It's not about who said it, it's about, I'm asking you about the premise, the idea.
Imagination, the open-mindedness, imagination, another friend of mine... The ability to imagine.
Oh, I mean, that requires an open mind.
And a friend of mine has this quote that I steal all the time.
He says, the best thinkers are those that are able to hold two contradictory opposing thoughts in their mind at the same time and be comfortable with it.
I have no problem with that.
However, I do know that our controllers, which I believe exist, that's exactly the premise they use by which to control people.
They throw out two opposites, like I was saying, and that's what puts everyone in this state of confusion that you're actually referring to in your sort of meta-war sort of synopsis, right?
Well, as part of too much information, when you create dissonance, any sort of cognitive dissonance creates... you fall back to an initial bias condition.
But the dissonance is what messes people up, because it requires an awful lot of electrical energy in your brain to sort it out.
And it becomes very tiring.
Well, I understand what they are from a linguistic standpoint, yes.
synthesis.
Well, I understand what they are from a linguistic standpoint, yes.
Okay, but that's actually the way you do it.
That's the method.
Okay.
So, thesis, those are opposites, you know, a premise, the anti-premise, and then some kind of...
And one would say that war is actually just that.
The war is the combustion of the two together that will rely or result in a synthesis, right?
Okay, yeah, that's not my area of expertise.
I understand, but this is just a model for understanding how these union of opposites, having this dissonance, can be solved and understood.
Yeah, the way that we look at it is from what we call feedback loops.
Okay.
You know what an amplifier is, right?
Yes.
An amplifier for your Speakers.
Right.
And you have a knob that goes all the way down to zero, right?
Yes.
Doesn't go to zero.
It goes to almost zero, not quite.
Now inside of that amplifier there is a circuit called a feedback controller that you have no control over because if that did not exist the system would blow itself up!
And you may recall this now from the 1770s.
A thing called a governor on a steam engine when they were learning how to build trains.
You know the phrase, balls to the wall, right?
Yeah.
All right.
Balls to the wall comes from a steam engine, a governor, to keep the engine from going too fast.
So what it is, is from the engine crank thing that goes to the wheels, they had another little thing that came up into a pipe that spun.
And on that spinner were two prongs with big balls on the end of it.
And when those balls, they put a container on top of it, when those balls connected and started talking to the wall and hit the wall, balls to the wall, the engine could go no faster.
That's a feedback loop in order to control the system.
So yes, you're going to always have some balance of thesis and antithesis.
It's always going to be there.
But the likelihood of it sitting in the middle for any extended period of time is nigh on impossible.
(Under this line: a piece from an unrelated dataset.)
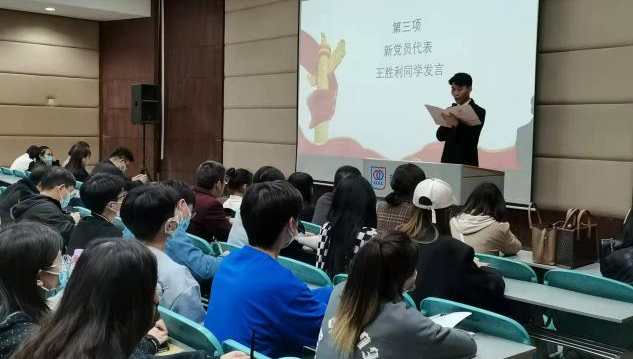 大会第三项,新学生党员代表王胜利同学进行发言,他对新学生党员讲到一是要提高素质,虚心学习,勤于实探索,把知识转化为能力。二是要端正态度,踊跃实践,奋发有为,争做时代佼佼者。三是要勇于创新,乐于奉献,坚定信念,永葆一颗对党和人民忠诚的心。

Sure, but what you're in essence trying to build is some kind of system like that for the mind, is that right?
The mind has it already built in.
Okay, so what are we worried about?
We haven't strengthened it.
We have not made it strong enough.
Okay.
And the way you do it is by playing some game.
The game, again, this is all in the book.
All in the book.
There have been, to the best of my knowledge, over four million experiments done on this that were done initially.
There was work from Holland, Some European stuff, and the UK, and the experiments that they've been doing of showing how much better resilience to BS and all the other kind of crap, non-evidence-based... Science doesn't care about your opinion.
Doesn't care.
Doesn't care what you think, because it's meaningless.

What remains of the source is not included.